What is expected
Take the data below and extract the lines from the one with "What Makes This" to the one with "Red neon triangles", inclusive, exactly as written.

The records
· · · · ·
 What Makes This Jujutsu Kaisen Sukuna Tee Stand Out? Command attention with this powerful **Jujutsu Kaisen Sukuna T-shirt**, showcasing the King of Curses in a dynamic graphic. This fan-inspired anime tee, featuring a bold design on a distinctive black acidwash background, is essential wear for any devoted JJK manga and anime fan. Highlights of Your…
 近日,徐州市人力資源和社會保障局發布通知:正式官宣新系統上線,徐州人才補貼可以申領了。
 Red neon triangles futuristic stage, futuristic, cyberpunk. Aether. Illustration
· · · · ·
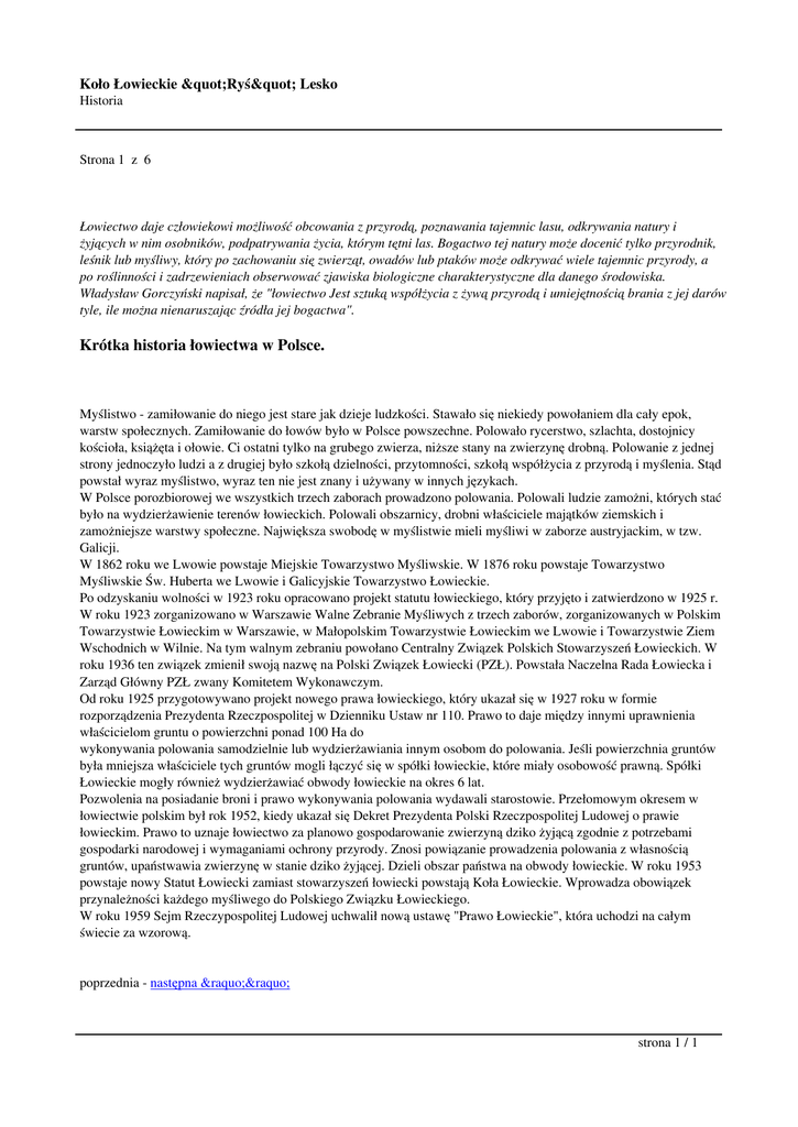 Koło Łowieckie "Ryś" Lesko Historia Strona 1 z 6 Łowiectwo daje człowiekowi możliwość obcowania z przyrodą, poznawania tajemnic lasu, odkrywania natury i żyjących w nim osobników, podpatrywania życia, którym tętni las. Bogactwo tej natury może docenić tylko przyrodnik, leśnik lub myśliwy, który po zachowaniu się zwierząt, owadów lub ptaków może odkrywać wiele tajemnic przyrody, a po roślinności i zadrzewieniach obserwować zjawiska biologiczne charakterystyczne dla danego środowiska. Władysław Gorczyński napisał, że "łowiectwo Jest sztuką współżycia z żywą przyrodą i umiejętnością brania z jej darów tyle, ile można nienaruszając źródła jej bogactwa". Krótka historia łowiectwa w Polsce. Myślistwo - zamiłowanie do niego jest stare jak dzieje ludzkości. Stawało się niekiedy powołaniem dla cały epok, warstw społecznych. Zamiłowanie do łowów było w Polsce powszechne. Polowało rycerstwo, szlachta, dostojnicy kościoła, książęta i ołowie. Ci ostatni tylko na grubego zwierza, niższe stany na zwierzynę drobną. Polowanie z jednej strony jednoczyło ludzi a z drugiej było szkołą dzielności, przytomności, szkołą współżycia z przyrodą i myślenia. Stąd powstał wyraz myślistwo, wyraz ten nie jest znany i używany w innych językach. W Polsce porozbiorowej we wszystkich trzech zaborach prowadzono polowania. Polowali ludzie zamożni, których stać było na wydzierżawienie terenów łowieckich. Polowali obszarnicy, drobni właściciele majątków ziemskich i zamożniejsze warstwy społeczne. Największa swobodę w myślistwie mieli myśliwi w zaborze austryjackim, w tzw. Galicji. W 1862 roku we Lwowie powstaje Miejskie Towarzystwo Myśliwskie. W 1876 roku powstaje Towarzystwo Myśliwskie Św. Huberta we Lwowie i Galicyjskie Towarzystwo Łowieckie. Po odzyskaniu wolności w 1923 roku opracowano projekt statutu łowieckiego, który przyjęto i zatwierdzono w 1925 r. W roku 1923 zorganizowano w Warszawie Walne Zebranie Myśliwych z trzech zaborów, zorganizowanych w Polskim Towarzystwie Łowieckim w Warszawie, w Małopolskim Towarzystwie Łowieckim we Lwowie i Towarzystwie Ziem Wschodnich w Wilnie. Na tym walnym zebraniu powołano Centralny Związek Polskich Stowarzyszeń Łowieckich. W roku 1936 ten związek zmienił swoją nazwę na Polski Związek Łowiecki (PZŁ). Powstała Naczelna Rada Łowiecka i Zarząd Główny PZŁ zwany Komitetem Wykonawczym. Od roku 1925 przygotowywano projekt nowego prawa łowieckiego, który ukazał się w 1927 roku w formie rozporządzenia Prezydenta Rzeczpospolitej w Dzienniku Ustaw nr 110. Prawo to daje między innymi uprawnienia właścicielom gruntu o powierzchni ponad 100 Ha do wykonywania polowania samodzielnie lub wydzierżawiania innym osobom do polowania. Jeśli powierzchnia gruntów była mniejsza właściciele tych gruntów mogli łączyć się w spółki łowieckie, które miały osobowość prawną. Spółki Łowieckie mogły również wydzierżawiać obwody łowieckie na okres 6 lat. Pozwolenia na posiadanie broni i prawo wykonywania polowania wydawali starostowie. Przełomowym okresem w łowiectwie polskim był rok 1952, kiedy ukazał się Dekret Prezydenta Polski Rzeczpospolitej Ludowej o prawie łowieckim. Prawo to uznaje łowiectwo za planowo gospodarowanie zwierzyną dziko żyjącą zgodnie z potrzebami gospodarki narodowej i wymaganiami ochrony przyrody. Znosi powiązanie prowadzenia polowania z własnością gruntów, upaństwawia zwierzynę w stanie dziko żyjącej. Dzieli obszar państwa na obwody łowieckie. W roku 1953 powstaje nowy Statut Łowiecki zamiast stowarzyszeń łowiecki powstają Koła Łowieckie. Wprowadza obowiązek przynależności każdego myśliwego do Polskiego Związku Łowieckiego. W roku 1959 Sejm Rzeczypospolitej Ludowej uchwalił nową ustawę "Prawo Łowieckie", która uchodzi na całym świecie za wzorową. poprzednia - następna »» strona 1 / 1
· · · · ·
Solution
 What Makes This Jujutsu Kaisen Sukuna Tee Stand Out? Command attention with this powerful **Jujutsu Kaisen Sukuna T-shirt**, showcasing the King of Curses in a dynamic graphic. This fan-inspired anime tee, featuring a bold design on a distinctive black acidwash background, is essential wear for any devoted JJK manga and anime fan. Highlights of Your…
 近日,徐州市人力資源和社會保障局發布通知:正式官宣新系統上線,徐州人才補貼可以申領了。
 Red neon triangles futuristic stage, futuristic, cyberpunk. Aether. Illustration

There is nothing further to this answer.